The objective of this study was to evaluate the impact of using parameter distributions defined for a specific germplasm on ideotyping results. Using rice in Northern Italy as a case study, we compared ideotypes based on germplasm-specific distributions with those achieved for the same site by Paleari et al.4 using generic distributions for rice derived from literature.

Results

Statistical distributions of traits

In line with the Paleari et al.4 study, all the traits analysed were normally distributed according to the Shapiro and Wilk26 test, although the analysis revealed marked differences in means and standard deviations between germplasm-specific and literature-derived distributions (Fig. 1). For radiation use efficiency (RUE, g MJ−1, Table 1), the two distributions had similar mean (2.68 vs 2.72 g MJ−1) but the standard deviation was larger for the values estimated during the field experiment (0.23 instead of 0.09 g MJ−1). Differences involved both mean and standard deviation for light extinction coefficient (k, unitless, Table 1), for which the germplasm-specific distribution had higher values for both metrics, i.e., 0.58 vs 0.47 for the mean and 0.1 vs 0.04 for standard deviation.

Figure 1
figure 1

Comparison between germplasm-specific distributions (solid line) and those derived from literature (dotted line) by Paleari et al.4 for parameters (a) radiation use efficiency (RUE, g MJ−1), (b) canopy light extinction coefficient (k, −), (c) specific leaf area at emergence (SLAini, m2 kg−1) and (d) specific leaf area at tillering (SLAtill, m2 kg−1).

Full size image
Table 1 Parameters used in the ideotyping study, with acronyms, units, function, distribution derived from literature and, when available, distribution from a dedicated field phenotyping experiment involving Italian rice varieties.
Full size table

Considering specific leaf area (SLA, m2 kg−1, Table 1), values measured during the field experiment at emergence (SLAini) were largely similar to those retrieved from literature, although a certain tendency towards lower values was found. Mean and standard deviation derived from literature were indeed equal to 41.60 m2 kg−1 and 5.90 m2 kg−1, whereas corresponding values for the germplasm analysed were 35.00 m2 kg−1 and 4.36 m2 kg−1. At tillering (SLAtill), instead, the two distributions basically overlapped, with 28.70 m2 kg−1 (mean) and 3.18 m2 kg−1 (standard deviation) for the germplasm-specific distribution vs 28.68 m2 kg−1 and 3.89 m2 kg−1. The similarity of the two distributions for SLAtill was confirmed by the Kolmogorov-Smirnov test (p-value <0.05). No correlations were found between the trait values determined during the field experiment, with the highest Pearson’ correlation coefficient equal to 0.13 for RUE and k (not significant). Therefore, corresponding parameters were considered as independent during the sensitivity analysis.

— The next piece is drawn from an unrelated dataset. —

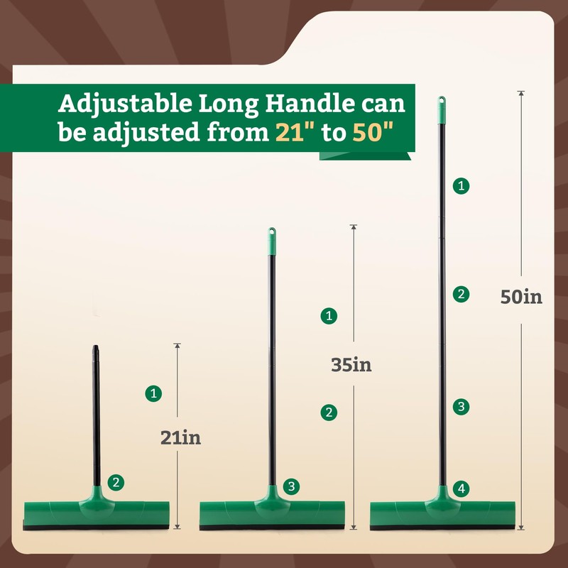 Udorich All-Surface Silicone Broom Squeegee Pet Hair Remover with Adjustable Handle, for Indoor Cleaning, Green

Implications for ideotype design

Differences in distributions markedly affected sensitivity analysis results, causing a re-ranking of most relevant parameters according to the total order sensitivity index derived with the Sobol’ method27 (Fig. 2). Using germplasm-specific distributions, RUE became the parameter with the highest impact on model output instead of being ranked fourth, whereas the parameter representing resistance to rice blast disease (BlastRes) shifted from the first position to the second. Despite the marked differences between the two distributions for k, the parameter remained the third in the ranking. This confirmed the non-linear response of sensitivity analysis results to perturbation in factor distributions, as reported by Paleari & Confalonieri25. The relevance of SLAini and SLAtill was decidedly lower with respect to what achieved using literature-based distributions, especially for SLA at tillering. The top-down concordance coefficient (TDCC28) values quantitatively confirmed these considerations, highlighting low concordance between the rankings obtained using the two sets of distributions (average TDCC over different climate scenarios was 0.75). Within parameter, instead, the use of different distributions did not alter the relative response to climate scenarios (e.g., the highest Sobol’ index for RUE was achieved for the baseline and lowest for RCP8.5-HadGEM2 regardless of the distributions).

Figure 2
figure 2

Results of the sensitivity analysis performed with the variance-based method of Sobol’27 using literature-derived (a) and germplasm-specific (b) parameter distributions. Results for both current conditions (baseline, white bars) and climate change scenarios centred in 2030 are reported (light and dark grey bars: RCP2.6-GISS-ES and RCP8.5-GISS-ES, respectively; striped and black bars: RCP2.6-HadGEM2 and RCP8.5-HadGEM2, respectively). T-HeatSter, T-ColdSter, T-Chalkiness and T-HeadRice (°C) are threshold temperatures for heat- and cold-induced spikelet sterility, and for chalkiness and grain breakage, respectively. BlastRes (1 to 3, unitless) is resistance to blast, RUE (g MJ−1) is radiation use efficiency, k (unitless) is extinction coefficient for solar radiation, and SLAini and SLAtill (m2 kg−1) are specific leaf area at emergence and at tillering.

Full size image

Figure 2 shows only results for the closest timeframe (2030), since no relevant differences emerged for the long-term scenarios (2050).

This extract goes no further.